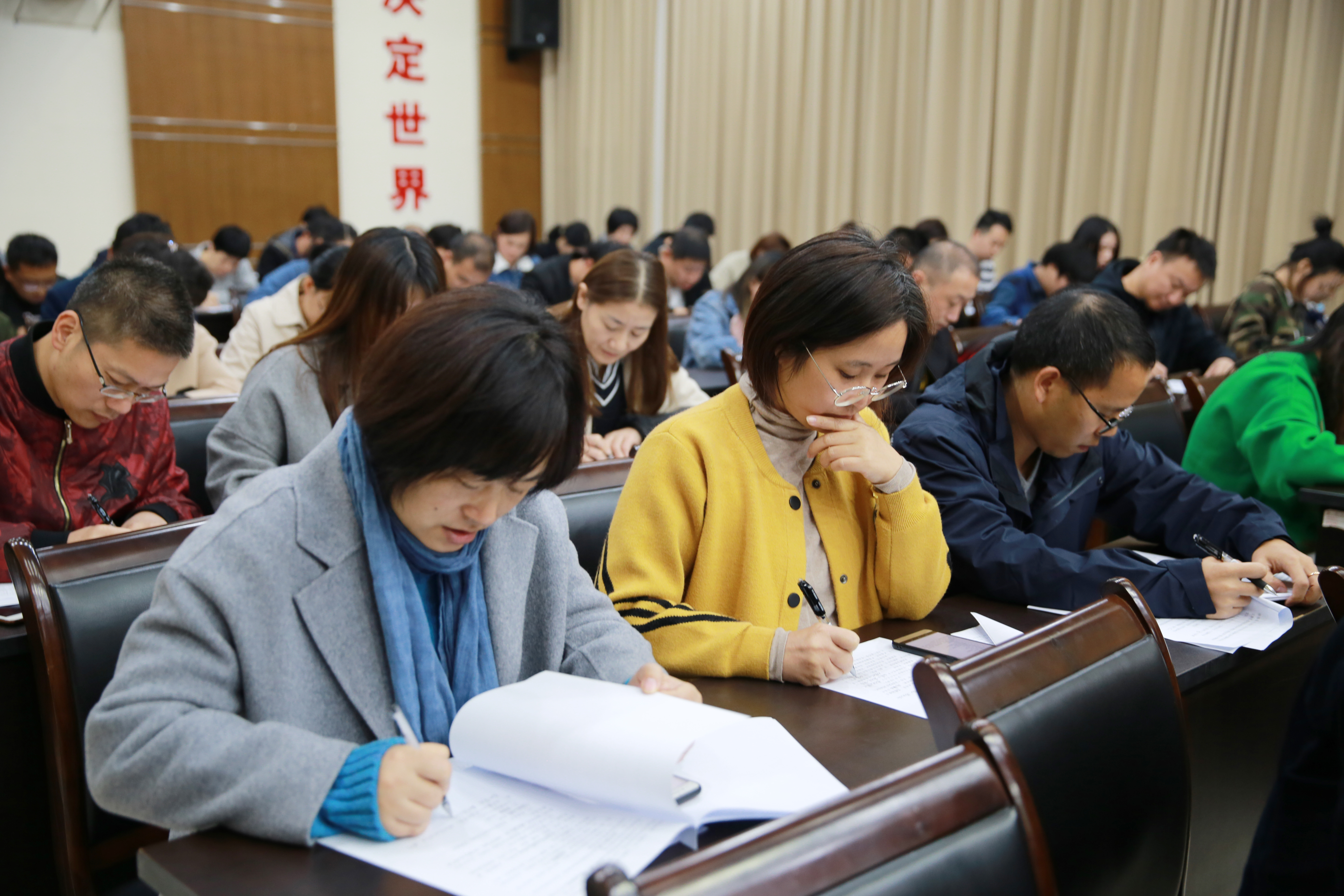 圖為測試現場 此次測試采取閉卷形式,分黨員和非黨員試題兩卷,測試范圍包括“不忘初心、牢記使命”主題教育、十九大報告及習近平新時代中國特色社會主義思想等知識。大樓近100名員工參加測試。 此次測試既是對學習效果的檢驗考核,又是對學習成果的鞏固提升,將進一步激發全體員工學習的主動性和積極性,使政治信念更加堅定、理論知識更加充沛、工作熱情更加高漲、行動更加積極務實,真正起到了以考促學、以考促記、以考促行的目的。大家紛紛表示要以此次知識測試為東風,鼓足干勁、學以致用,勇于擔當、忠誠履職,在平凡的崗位上干出優異成績,努力開創各項工作新局面。 馮曉潔
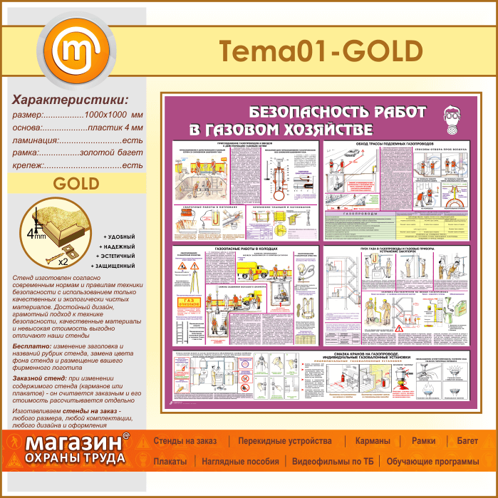 Стенд «Безопасность работ в газовом хозяйстве» (TM-01-GOLD) в Магнитогорске купить
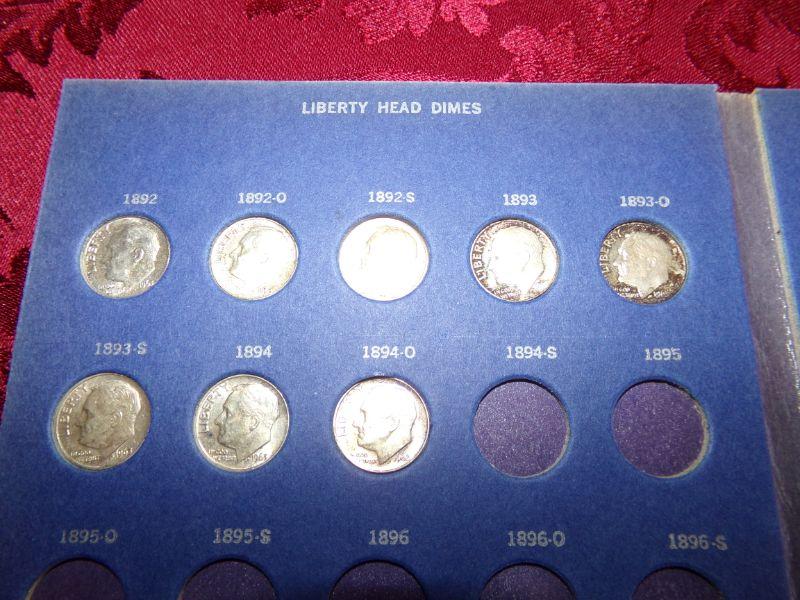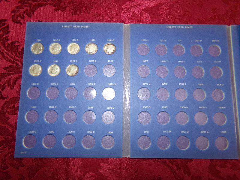 LIBERTY HEAD DIMES PORTFOLIO FOR YEARS 1892-1916. THERE ARE 8 LIBERTY HEAD DIMES IN CIRCULATED CONDITION. 1 FROM 1962 AND THERE ARE 7 FROM 1963. THESE DIMES DO NOT MATCH THE YEARS OF THE PORTFOLIO, BUT THEY ARE STILL COLLECTABLE.
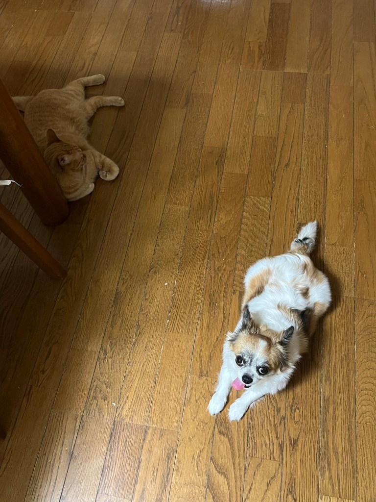 本日のおまけ『チコはこうやって、ぽんりんのそばに座っていることがあるんだけど、、ぽんりんはたいていママさんを見てるんだよね、、せっかくチコがいるんだから、チコのことを見てよ、、』
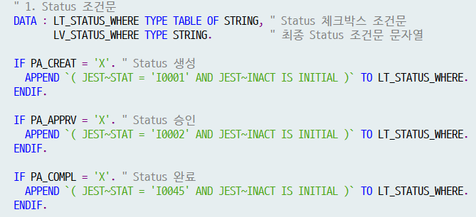 승인(REL) : JEST-STAT = 'I0002' & JEST-INACT IS INITIAL
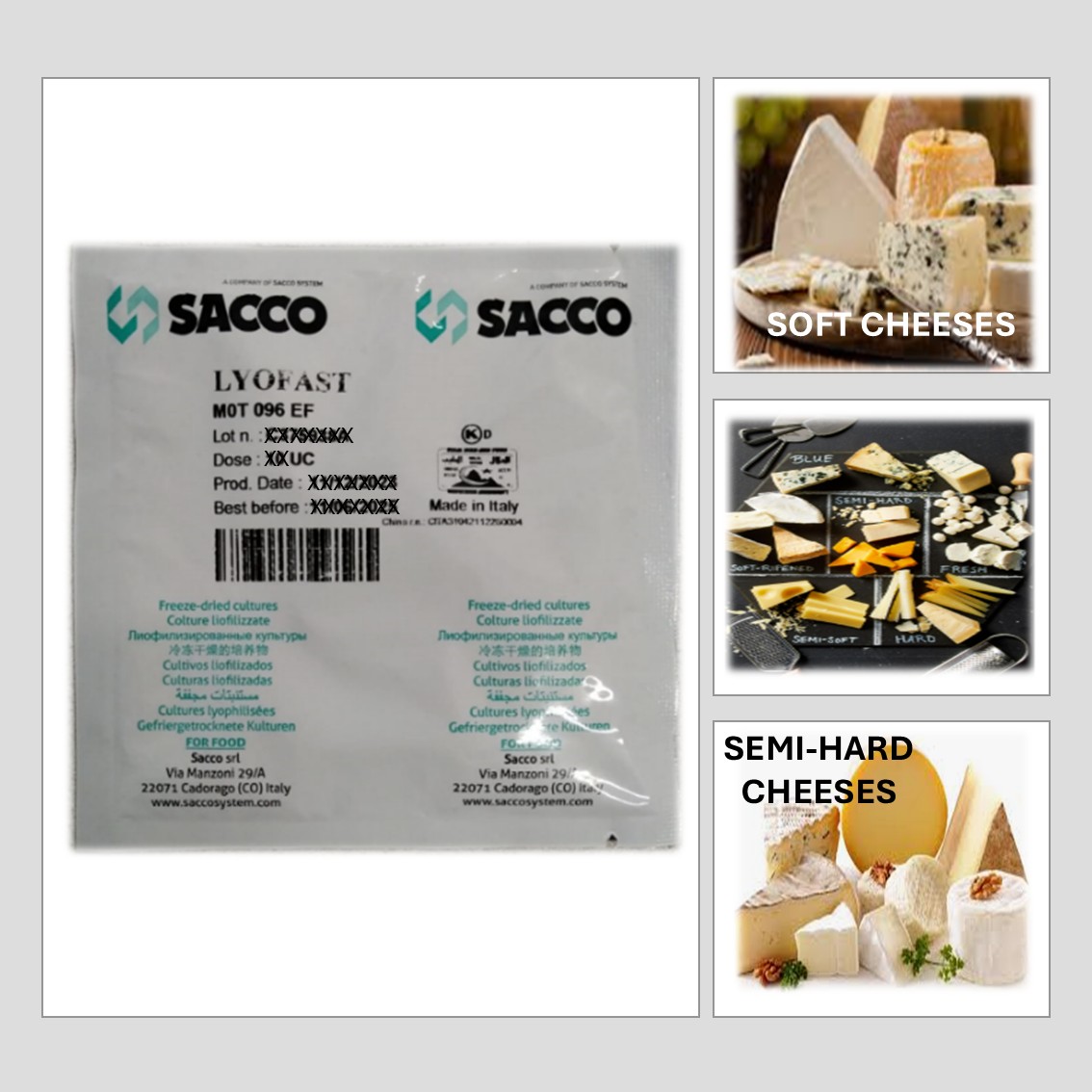 LYOFAST MOT 096 EF CONSISTS OF SPECIFICALLY SELECTED STRAINS OF LACTOCOCCUS LACTIS SSP LACTIS, LACTOCOCCUS LACTIS SSP. CREMORIS, STREPTOCOCCUS THERMOPHILUS, LACTOBACILLUS HELVETICUS, AND LACTOBACILLUS DELBRUECKII SSP. BULGARICUS. THIS CULTURE CAN BE USED TO PRODUCE FETA, CHEDDAR, GOUDA, CAMEMBERT, BRIE, ROQUEFORT, COTTAGE CHEESE, AND CREAM CHEESE. A VERY GOOD ALL-ROUNDER CULTURE THAT CONTAINS A PERFECT COMBINATION OF STRAINS. THE CULTURE ENSURES A UNIFORM AND CONTROLLED PRODUCTION OF SOFT CHEESE, SEMI-HARD CHEESE, AND HARD CHEESE.

What you need to do
Exactly the lines from the top of the entries through the line with "в Магнитогорске купить", inclusive, must be given again, with every picture omitted.

Written answer
 圖為測試現場 此次測試采取閉卷形式,分黨員和非黨員試題兩卷,測試范圍包括“不忘初心、牢記使命”主題教育、十九大報告及習近平新時代中國特色社會主義思想等知識。大樓近100名員工參加測試。 此次測試既是對學習效果的檢驗考核,又是對學習成果的鞏固提升,將進一步激發全體員工學習的主動性和積極性,使政治信念更加堅定、理論知識更加充沛、工作熱情更加高漲、行動更加積極務實,真正起到了以考促學、以考促記、以考促行的目的。大家紛紛表示要以此次知識測試為東風,鼓足干勁、學以致用,勇于擔當、忠誠履職,在平凡的崗位上干出優異成績,努力開創各項工作新局面。 馮曉潔
 Стенд «Безопасность работ в газовом хозяйстве» (TM-01-GOLD) в Магнитогорске купить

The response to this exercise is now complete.